A. Defendant B shall provide the real estate listed in paragraph 1 of the attached list, and Defendant D shall provide the attached list No. 9.

Reasons

1. Facts of recognition;

A. During Ansan-si, the Plaintiff is an association that has obtained authorization for the establishment of a housing redevelopment project on February 21, 2012 under the Act on the Maintenance and Improvement of Urban Areas and Dwelling Conditions for Residents (hereinafter “Urban Improvement Act”) for the purpose of implementing a housing redevelopment project on the housing scale of 116,66.10 square meters in Ansan-si, and obtained authorization for the implementation of a housing redevelopment project on January 15, 2016 (hereinafter “instant redevelopment project”), and obtained authorization for the implementation of a housing redevelopment project on February 27, 2017, and was publicly notified of the management and disposal plan on the same day.

B. The Defendants possess each of the real estate stated in the text within the instant redevelopment project zone.

[Ground of recognition] Facts without dispute, entry of Gap evidence 1 to 5 (including a provisional number), the purport of the whole pleadings

2. Determination on the cause of the claim

A. The main text of Article 49(6) of the Urban Improvement Act provides, “When the authorization of a management and disposition plan is publicly announced, a right holder, such as the owner, superficies, leasee, etc. of the previous land or building, shall not use or profit from the previous land or building until the date of the public announcement of transfer under Article 86.” Thus, when the public announcement of a management and disposition plan is made, the use or profit of the right holder, such as the owner, superficies, leasee, etc. of the previous land or building, shall be suspended, and the project implementer may use or benefit from the former land or building (see, e.g., Supreme Court Decision 2009Da53635, May 27, 2010).
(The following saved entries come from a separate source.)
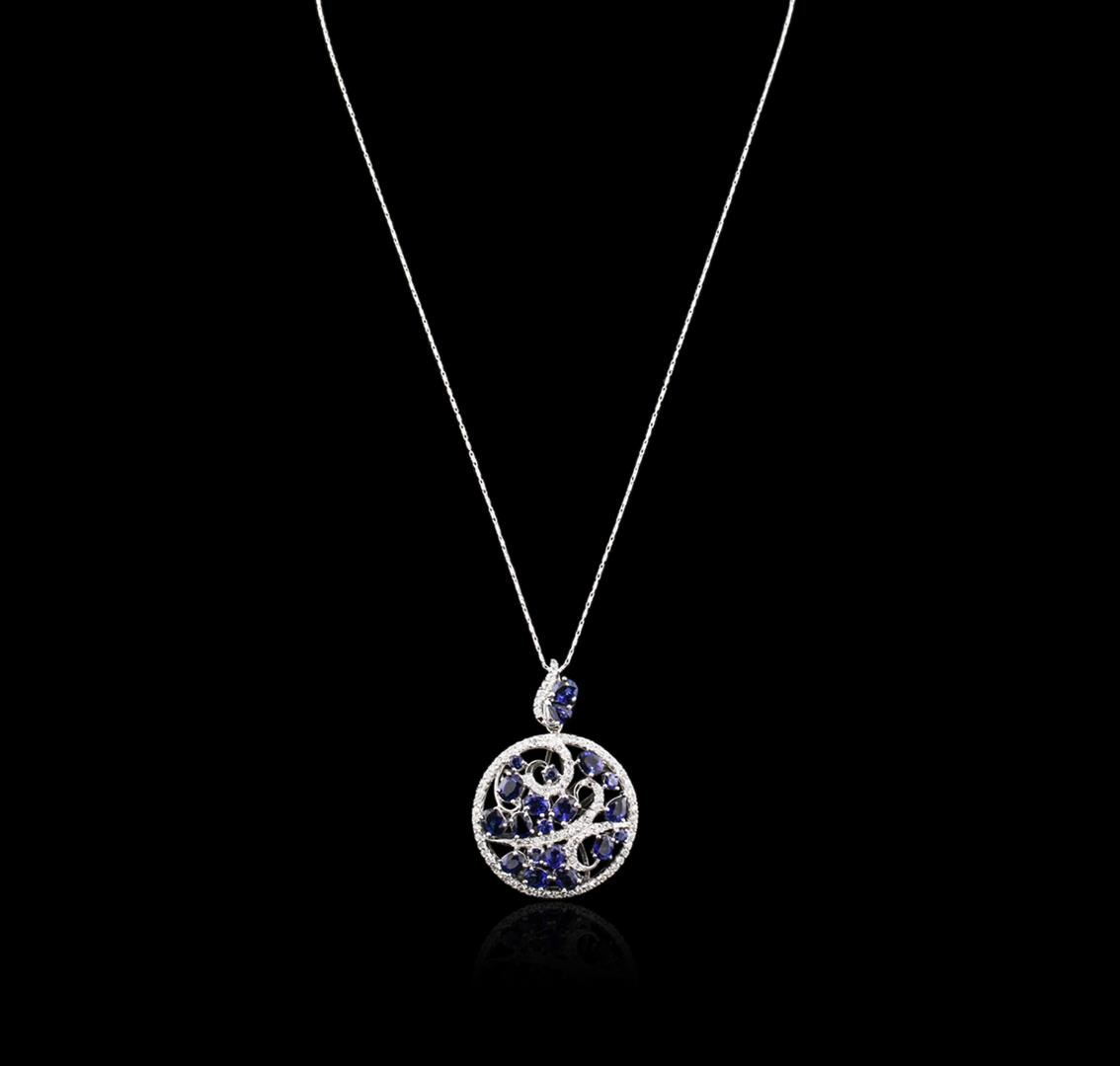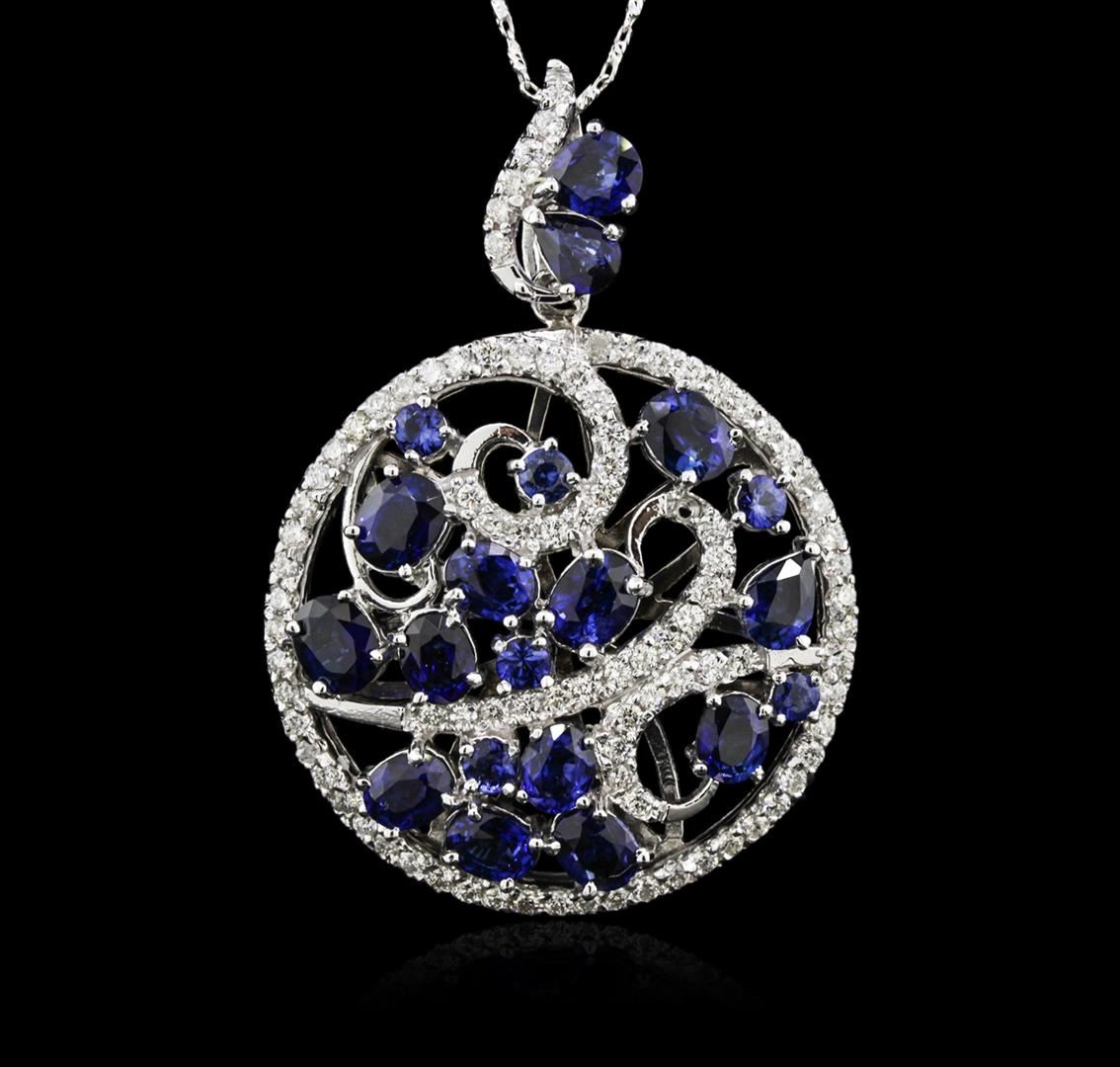 One electronically tested 14KT white gold ladies cast sapphire and diamond pendant & chain 18.0" long, with a lobster claw clasp with a bright polish finish. Identified with markings of "14K". Condition is new. Containing: Six prong set round modified brilliant cut natural blue sapphires, measuring 3.00 - 3.00 x 1.95 mm, approximate total weight of 0.84ct., clarity is eye clean, type II, medium, moderately strong, blue color, (GIA B 5/4), cut is good. Three prong set pear modified brilliant cut natural blue sapphires, measuring 5.30 x 3.00 x 1.95mm, approximate total weight of 0.75ct., clarity is eye clean, type II, medium, moderately strong, blue color, (GIA B 5/4), cut is good. Eleven prong set oval modified brilliant cut natural blue sapphires, measuring 5.70 x 5.00 x 3.25mm, approximate total weight of 8.58ct., clarity is eye clean, type II, medium, moderately strong, blue color, (GIA B 5/4), cut is good. Ninety-Four prong set round brilliant cut diamonds, measuring 1.20 - 1.50 x 0.81mm (depth est.) approximate total weight of 94 Stones = 0.85ct. Clarity: SI-1 to SI-2. Color: I - J, Cut is Good. Colored gemstones are presumed to have been subjected to commonly used enhancement processes. All diamonds and colored gemstones are graded in the mounting, unless otherwise stated. Total Weight of Colored Stones 10.17ct. Total Weight of Diamonds 0.85ct. Total Weight of Pendant & Chain 17.90 grams. GGL Appraised at $8,285.00.
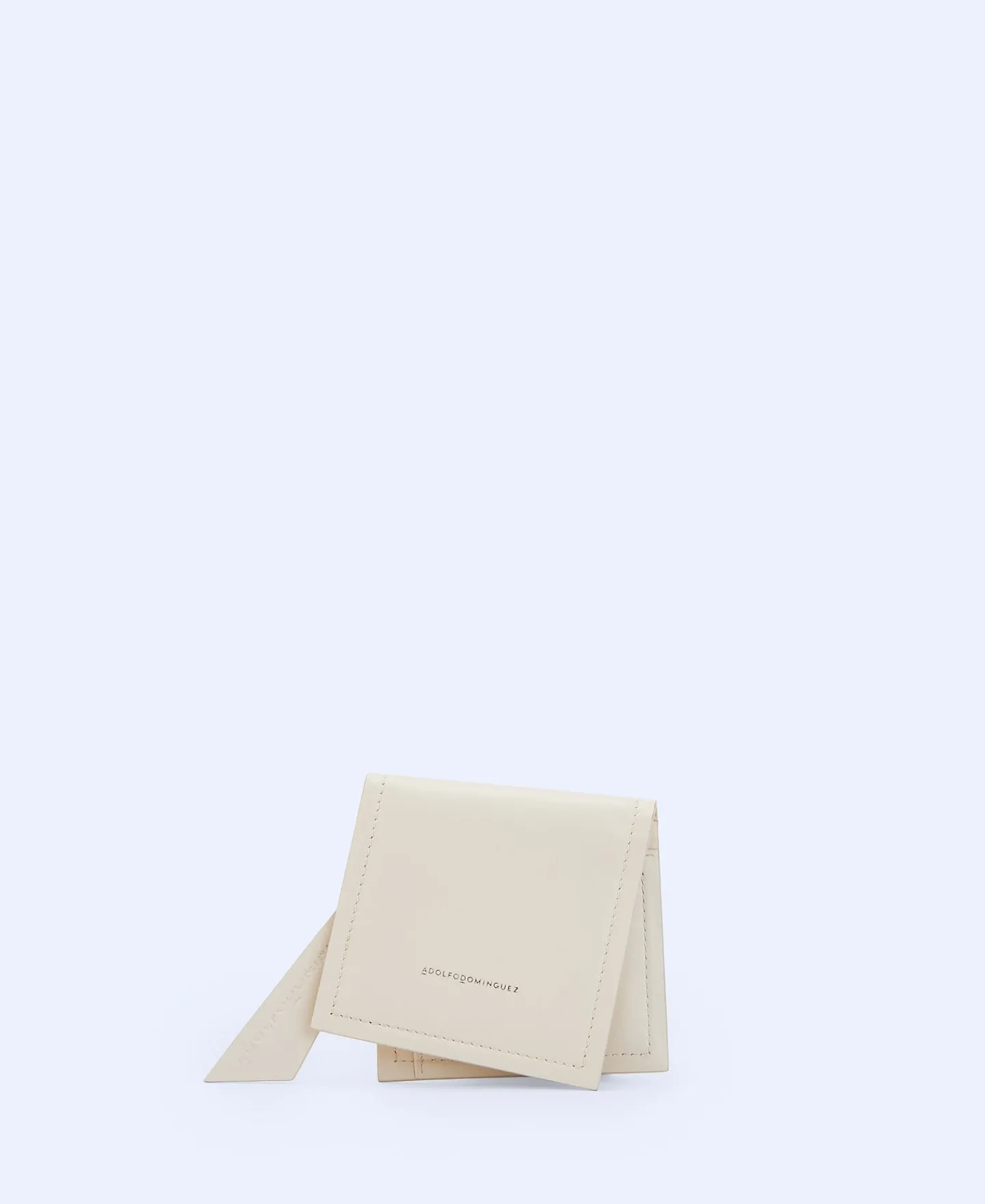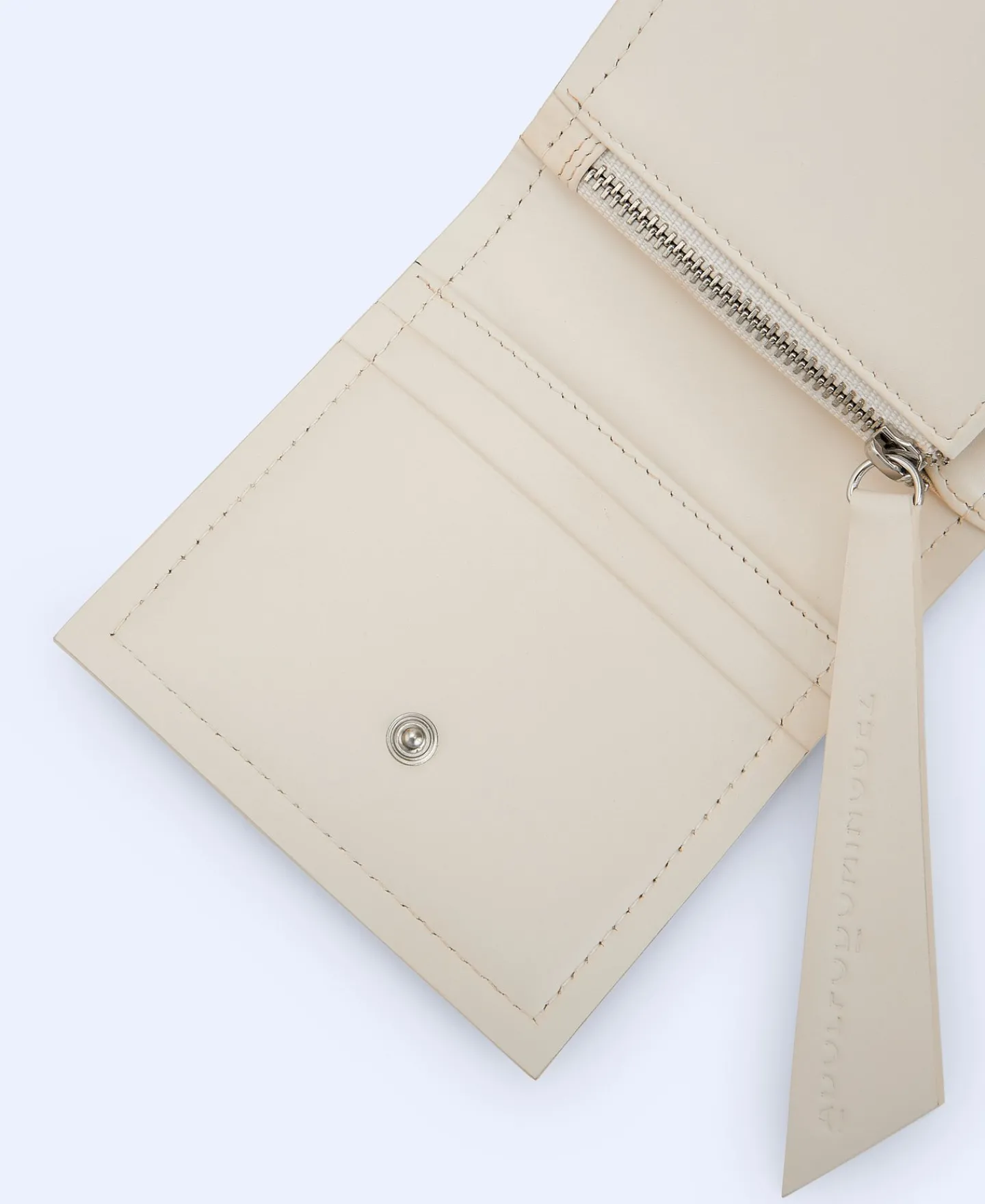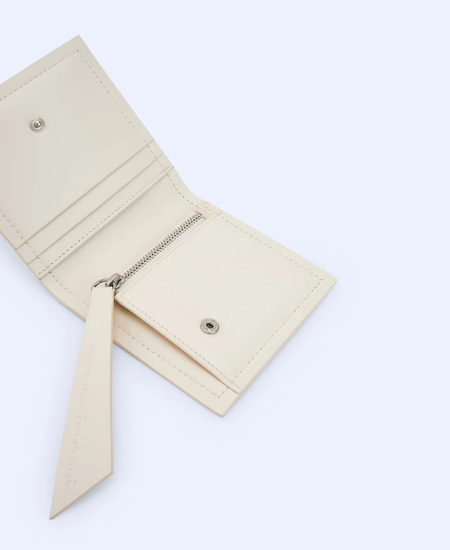 Carteira Assimetrica Em Pele De Vaca. Fecho De Aba Com Botao De Encaixe. Multi-Compartimento. Fecho De Correr. Puxador Com Logotipo.
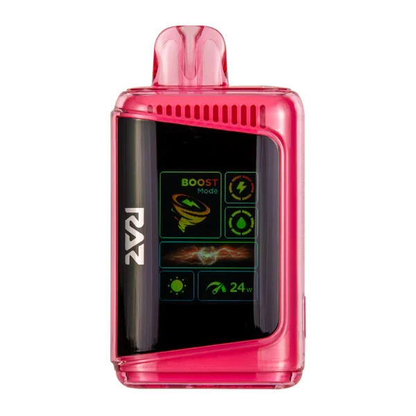 RAZ LTX 25000 DISPOSABLE VAPE 5-PACK (FORMERLY RAZ DC25000) Flavor : Enjoy the perfect balance of sweet, sour and icy flavors in the limited edition Pink Lemonade Minty Os RAZ vape. E-liquid contents : 16ml Nicotine Level : 50mg Puffs per Device : Regular Mode 25,000/Boost Mode 15,000 Battery : 800mAh (Rechargeable via USB-C) LED Screen: E-Liquid, Battery Life, Turbo Mode Indicator Adjustable Airflow Dark and Light Display Mode Browse more disposable vape flavors
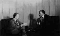 مباحثات اسماعيل فهمى وزير الخارجية مع الرئيس الامريكى كارتر حول قضية الشرق الاوسط وطلب تأييد الولايات المتحدة لمشروع ألقرار المصرى العربى حول قضية المستوطنات الاسرائيلية.
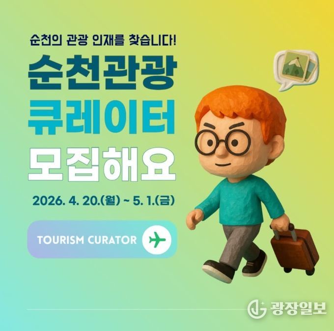 순천시는 관광자원을 새롭게 해석하고 콘텐츠로 연결할 청년 인재를 발굴하기 위해 '2026 순천 관광 큐레이터'를 오는 5월 1일까지 모집한다.
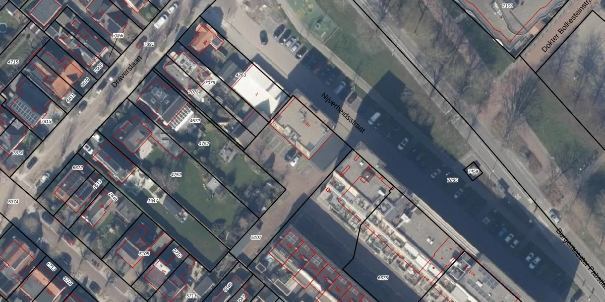 Het perceel waarop Nijverheidsstraat 3-G staat heeft een oppervlakte van 866 m². Dit is een groot perceel. De perceeloppervlakte wordt geregistreerd door het Kadaster. Gedetailleerde informatie over de maten van dit perceel kunt u vinden in het rapport Kadastrale kaart met maatvoering van Nijverheidsstraat 3-G.
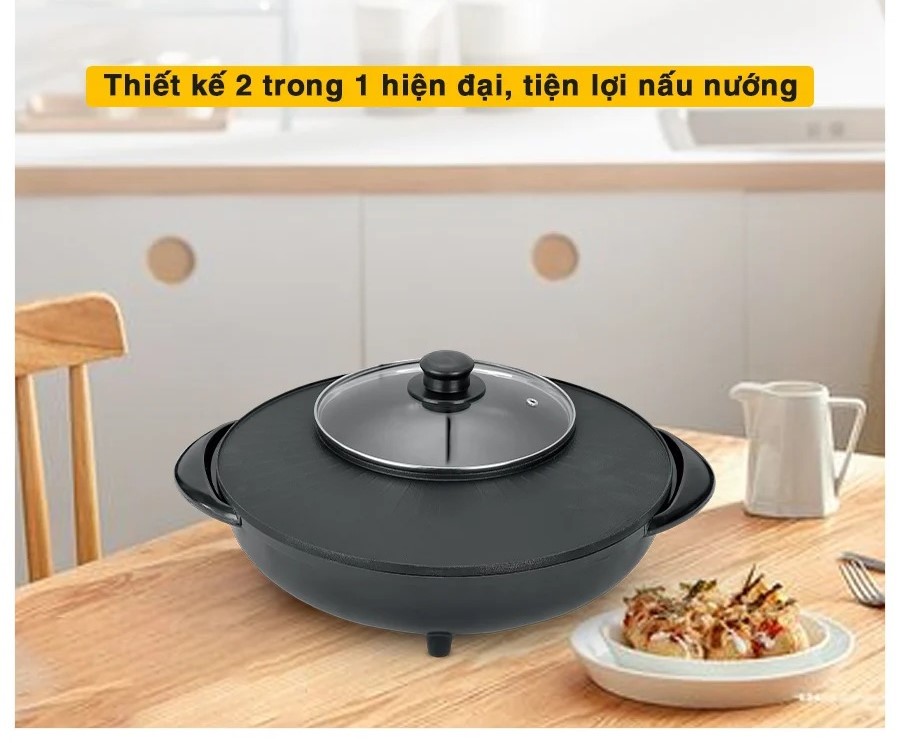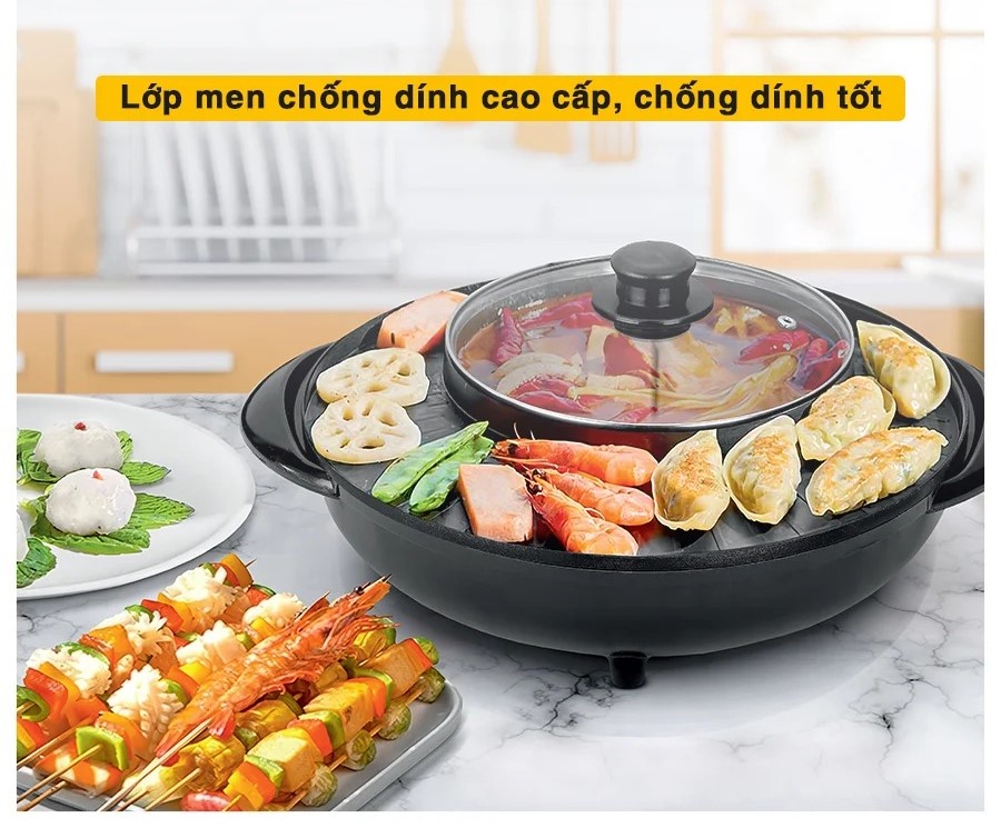 Nồi lẩu nướng điện đa năng 2 trong 1, nướng siêu chống dính cùng với lẩu 2 ngăn tiện lợi
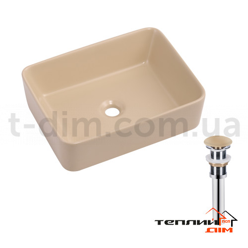 Раковина накладна Qtap Tern 480x370x135 мм, Beige, прямокутна, з донним клапаном QT17116069SB
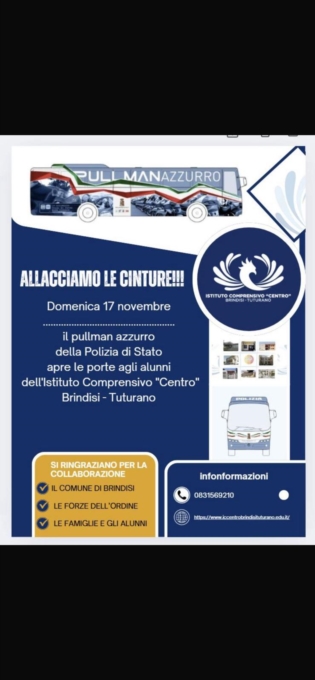 Polizia di Stato: domenica 17 novembre il Pullman Azzurro farà tappa a Brindisi per la settimana nazionale delle vittime della strada.Per la prima volta a Brindisi, domenica 17 novembre, dalle ore 8 alle 14, lungo Corso Umberto (tratto tra piazza Vittoria e piazza Cairoli), ci sarà il "Pullman Azzurro" della Polizia Stradale. L'evento è stato organizzato dall'Istituto Comprensivo Centro Brindisi-Tuturano, in collaborazione con l'Associazione Italiana Familiari e Vittime della Strada A.P.S. di Carovigno (presieduta da Pasquale Lanzillotti) e la Polizia di Stato.
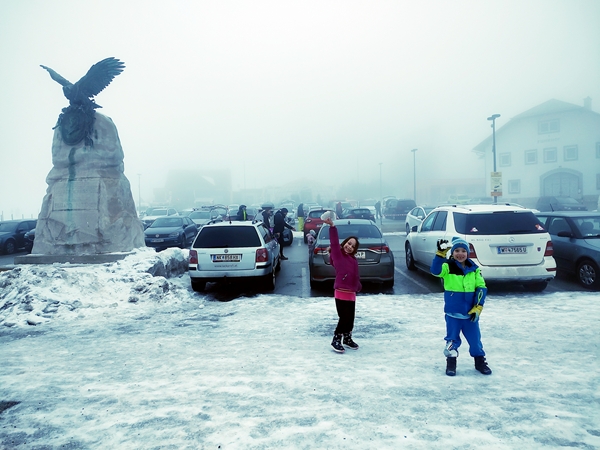 We waited a little longer, then the shuttle finally arrived. It was a van, and we started loading everything into it. It had six seats in the back, three on each side facing each other. The kids sat next to each other facing us, with us sitting the same direction the driver us. The kids were enjoying the ride. It went uphill all the time from the train station, and there was fog everywhere. You couldn't see anything at all. It didn't take long until we pulled up in front of the hotel.
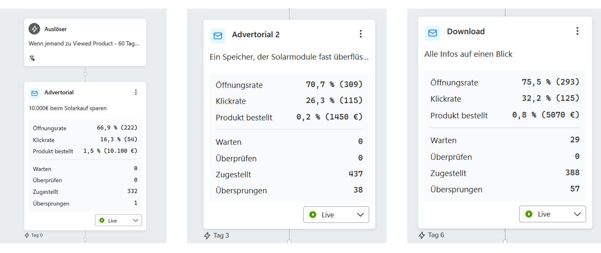 Parallel wurde eine E-Mail-Infrastruktur aufgebaut, die nicht auf Masse, sondern auf Relevanz setzt. Über Exit-Intent-Pop-Ups wurden neue Leads gewonnen, mit Willkommensstrecken, Reaktivierungsflows und edukativen Mails weiterentwickelt – ganz ohne Rabattaktionen. Die Mails griffen häufig Inhalte aus Ads und Landingpages auf und unterstützten Interessenten bei der Kaufentscheidung.

Therefore, the Defendants whose use or profit has been suspended pursuant to the public announcement of the authorization of the management

B. Defendant B’s assertion and determination by the Defendants were not paid the business compensation amount by the Plaintiff, and the Gyeonggi-do Local Land Tribunal stated the amount of compensation for the Defendant’s losses as stated in the adjudication of expropriation rendered on April 9, 2018, and the Plaintiff’s claim.